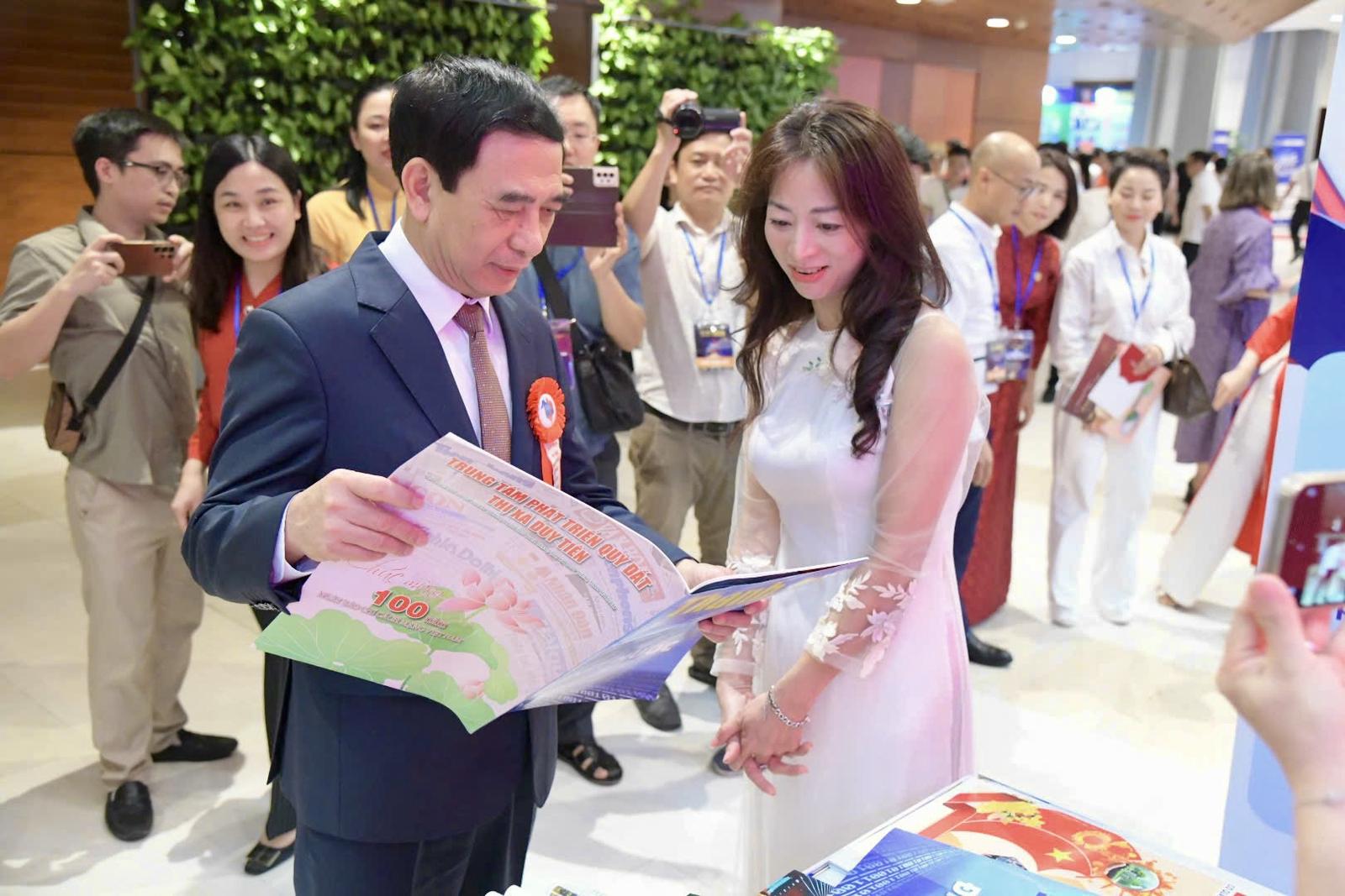 Ông Trần Thanh Lâm, Phó Bí thư Tỉnh ủy Bến Tre, nguyên Phó Trưởng ban Tuyên giáo Trung ương thăm gian trưng bày Báo Thanh tra. Ảnh: Huy Trần
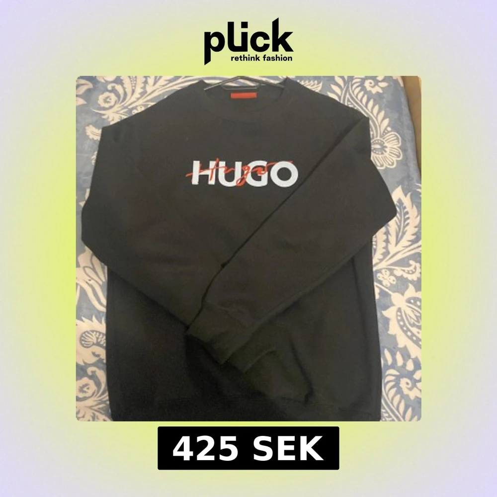 Svart sweatshirt från Hugo Boss med stor HUGO-logga i vitt och rött framtill. Tröjan har rund hals, ribbade muddar och är tillverkad i mjuk bomull. Perfekt för dig som gillar stilrena och snygga märkesplagg.
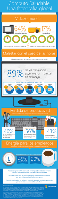 Aquí les presentamos la infografía con algunos datos y hechos interesantes referentes a la encuesta de Cómputo Saludable que realizó Microsoft.
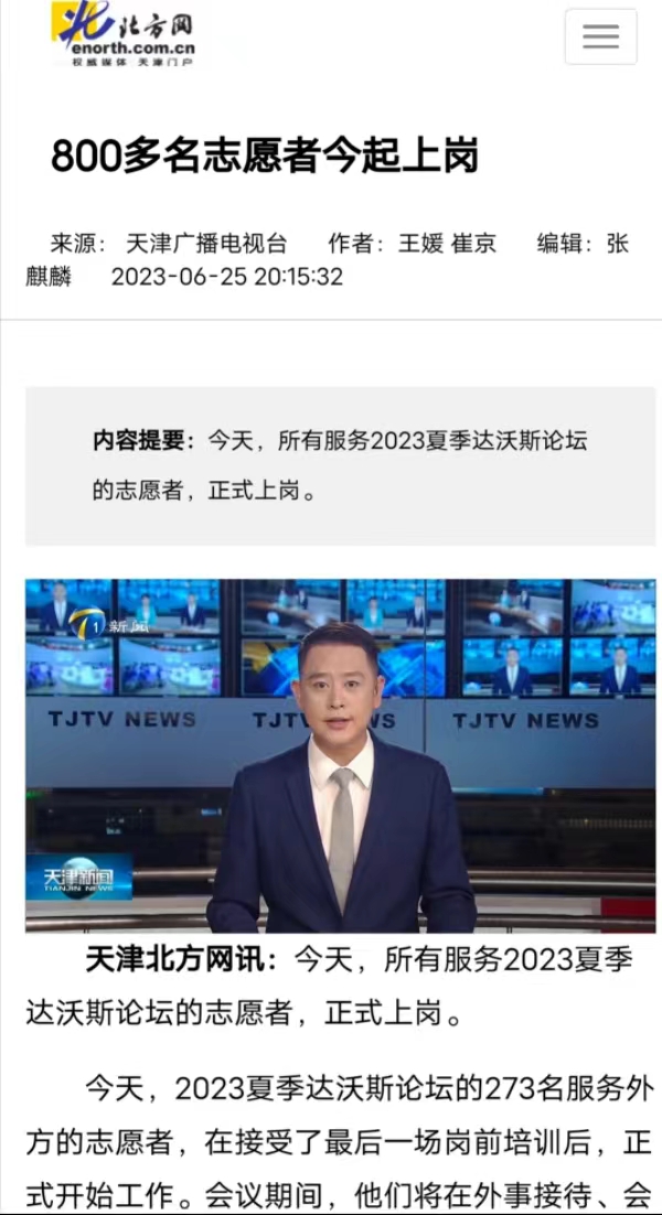 天津北方网讯:今天,所有服务2023夏季达沃斯论坛的志愿者,正式上岗。
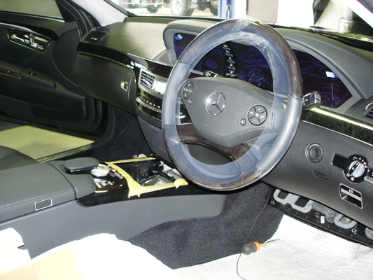 メルセデスベンツW221にドライブレコーダーの取り付けになります。新車なので何やるのにも
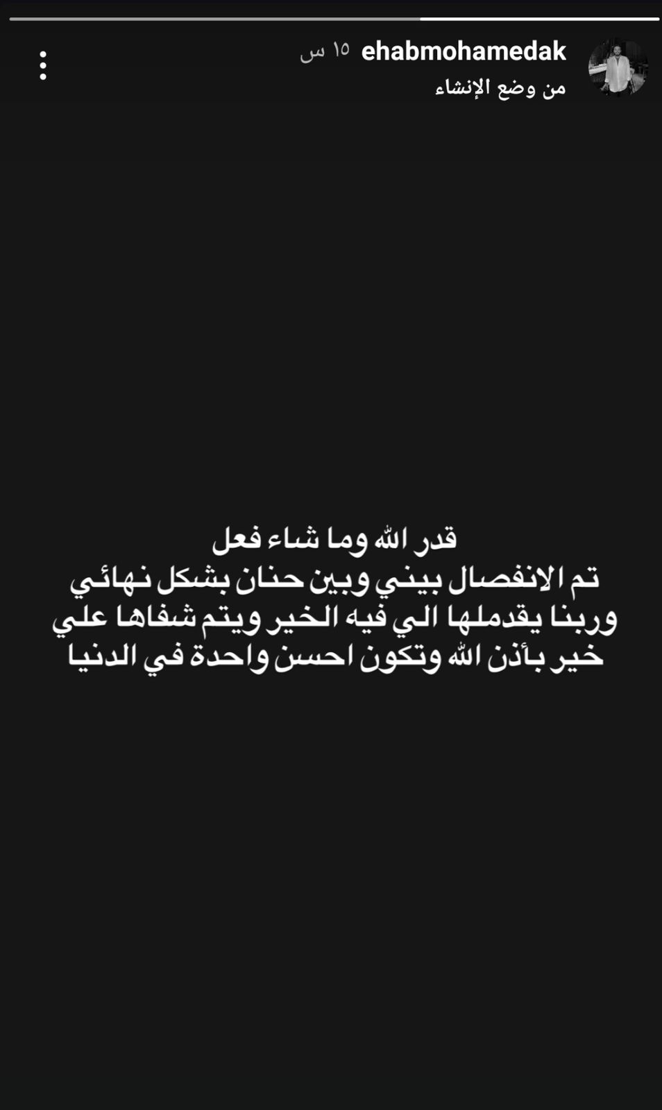 ومن جانبه، أعلن إيهاب خلال استوري سابقة: قدر الله وما شاء فعل، تم الانفصال بيني وبين حنان بشكل نهائي وربنا يقدملها اللي فيه الخير ويتم شفاها على خير بإذن الله وتكون احسن واحدة في الدنيا.
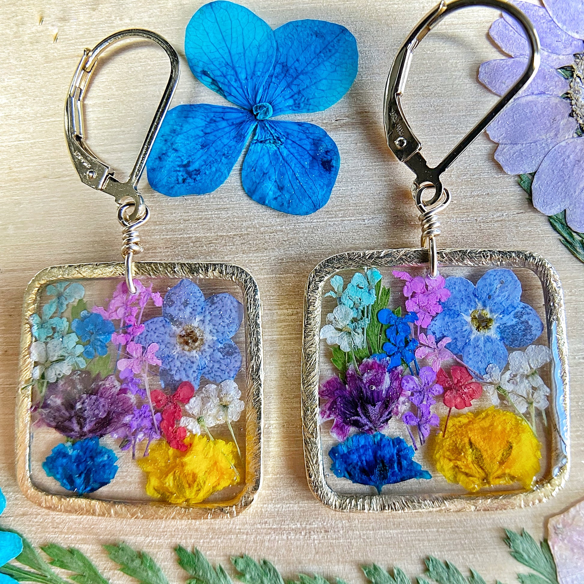 🌺🌸Colorful and joy-filled botanical garden earrings designed with natural flowers and ferns preserved in resin.
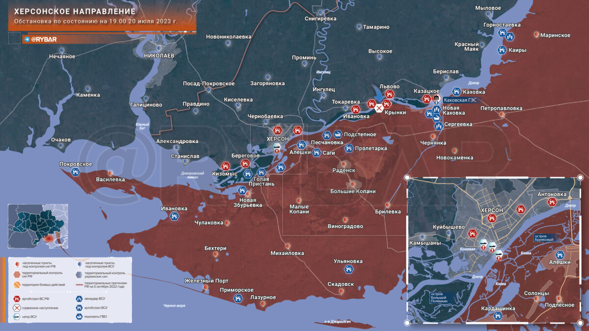 Сейчас вдоль Днепра ВСУ ведут артподготовку. Цель этого пока что неясна, так как массовое форсирование реки Днепр выглядит на данном этапе маловероятным. Однако интенсивность ракетных ударов самолётами тактической авиации и РСЗО HIMARS высока. И основной целью, по всей видимости, является поражение тыловых объектов ВС РФ.
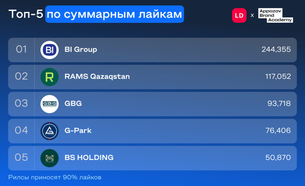 Жиналған лүпіл саны бойынша абсолютті көшбасшы – бәріне танымал BI Group компаниясы. Ол жобалар саны бойынша да құрылыс компаниялары рейтингінде бірінші орында тұр. Таңдалған іріктеме бойынша барлық лүпілдердің төрттен бірінен астамы дәл осы брендке тиесілі. Зерттелген кезеңде компания 412 пост жариялаған, оның 381-і –рилс, яғни контенттің 92%-ын құрайды. Дәл осы формат аккаунтқа лүпілдердің басым бөлігін әкелген: рилстардағы лүпіл саны суреттер мен карусельдерге қарағанда шамамен 20 есе көп.
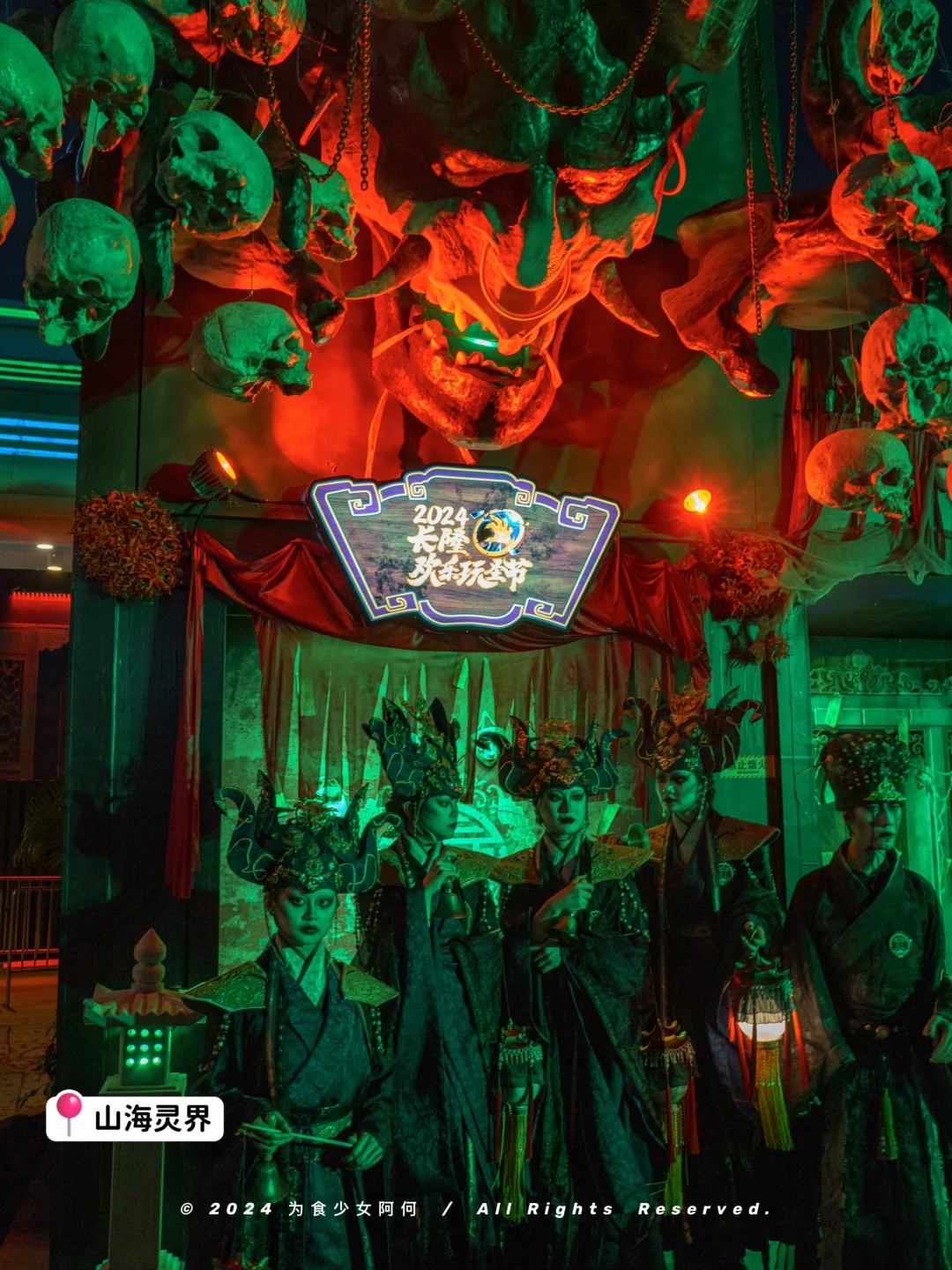 南门进来就是山海灵界入口,有6号戏台、森林神庙、罗刹山谷、丧地月台4个鬼屋

== == ==

## EXERCISE DIRECTIONS
Beginning at the line that contains "Сейчас вдоль Днепра", retype each line of the data above through the very last one. Do not retype the pictures.

## SOLUTION TO THIS EXERCISE
 Сейчас вдоль Днепра ВСУ ведут артподготовку. Цель этого пока что неясна, так как массовое форсирование реки Днепр выглядит на данном этапе маловероятным. Однако интенсивность ракетных ударов самолётами тактической авиации и РСЗО HIMARS высока. И основной целью, по всей видимости, является поражение тыловых объектов ВС РФ.
 Жиналған лүпіл саны бойынша абсолютті көшбасшы – бәріне танымал BI Group компаниясы. Ол жобалар саны бойынша да құрылыс компаниялары рейтингінде бірінші орында тұр. Таңдалған іріктеме бойынша барлық лүпілдердің төрттен бірінен астамы дәл осы брендке тиесілі. Зерттелген кезеңде компания 412 пост жариялаған, оның 381-і –рилс, яғни контенттің 92%-ын құрайды. Дәл осы формат аккаунтқа лүпілдердің басым бөлігін әкелген: рилстардағы лүпіл саны суреттер мен карусельдерге қарағанда шамамен 20 есе көп.
 南门进来就是山海灵界入口,有6号戏台、森林神庙、罗刹山谷、丧地月台4个鬼屋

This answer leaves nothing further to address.